E così parto per Lanciano.
Eh? Cosa? Che c’entra Lanciano? E poi…dov’è Lanciano?!?
Calma, calma, calma, lasciami raccontare.
Lanciano è un comune italiano di 34 132 abitanti della provincia di Chieti, in Abruzzo. Ho appena copiato la frase da Wikipedia. Volevo dare un tono di ufficialità alla cosa.
Nel frattempo, da Bari, lei si era spostata, appunto, a Lanciano.
E dato che Bologna, da Lanciano, dista solo 4 ore, e 400 km, non mi restava che partire.
Eccomi in macchina, che guido sull’A14. Se mi ricordo bene, era martedì.
“Di Venere e di Marte, non ci si sposa e non si parte”.
Ma sai che certi proverbi mi sono stati sempre antipatici? Così antipatici che, quel martedì, partii per Lanciano. Arrivai quando lei stava finendo la sua giornata di studio – lavoro.

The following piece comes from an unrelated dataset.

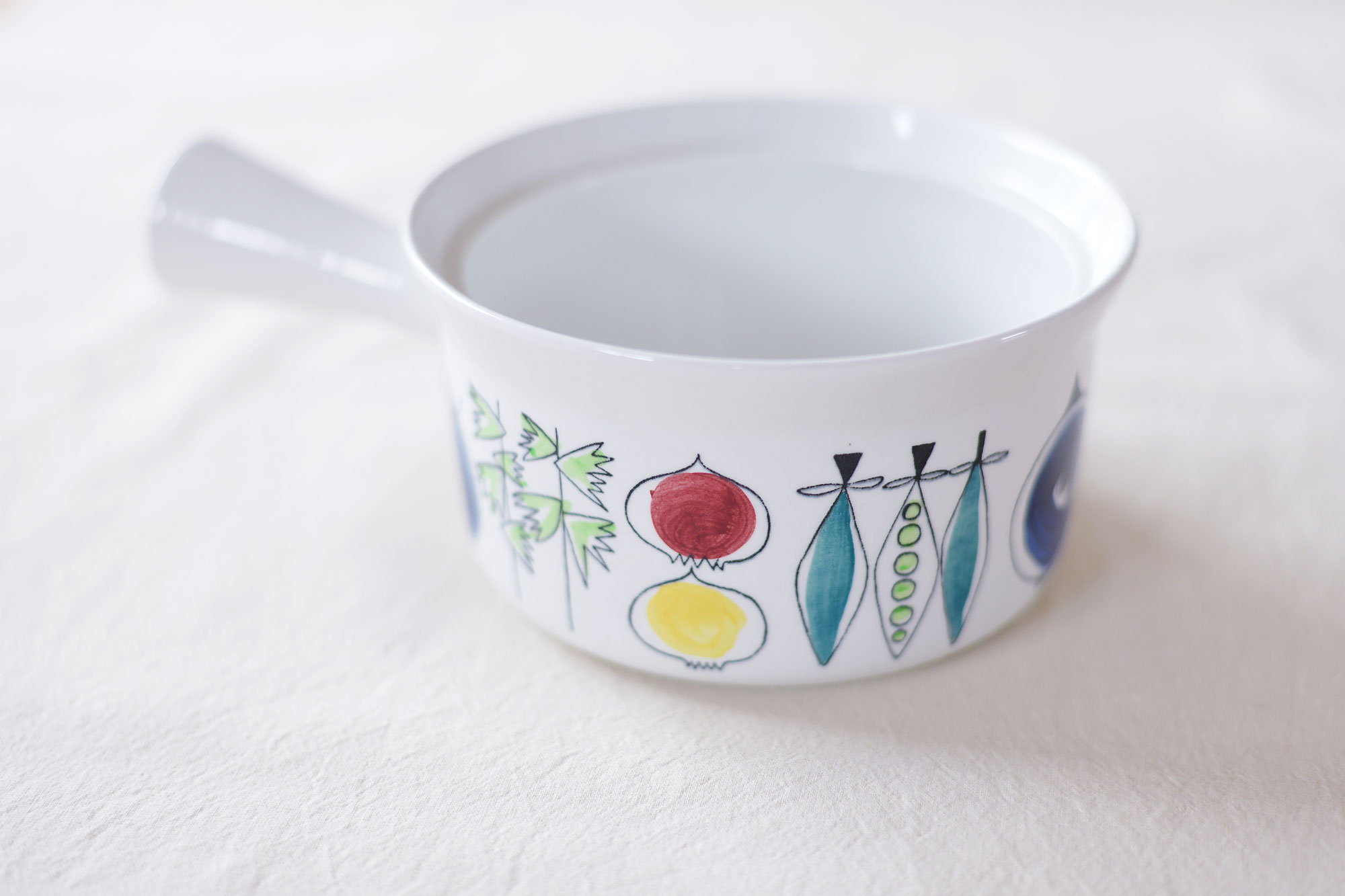 タマネギ、赤カブ、ニンジン、エンドウ豆など、ポップな野菜が描かれたマリアンヌ・ウエストマンのピクニック〈PiCKNiCK〉。ロッピスで見つけたピクニックの鍋に一目惚れ。傷もほとんどなく、鍋底には〈Rörstrand〉の刻印が。お値段は500SEK(約7,500円)……ほしい!店のおじさんも「どうだ?うちのマリアンヌは美しいだろう?」と鼻高々です。

Stava facendo, una “pasantìa“, una sorta di periodo misto di ricerca, lavoro e studio per l’Universidad Nacional di Bogotà, e si trovava lì perché – proprio a Lanciano – c’era un istituto importante per il suo settore di ricerca.
Fu una giornata stupenda. Serata, ancora più stupenda. Sai, è difficile da dire, cosa si prova quando incontri qualcuno con cui senti e sai che quell’incontro non è un incontro qualsiasi. Provi quella sensazione di essere lì da sempre, di conoscersi da sempre e che il tempo si sia fermato.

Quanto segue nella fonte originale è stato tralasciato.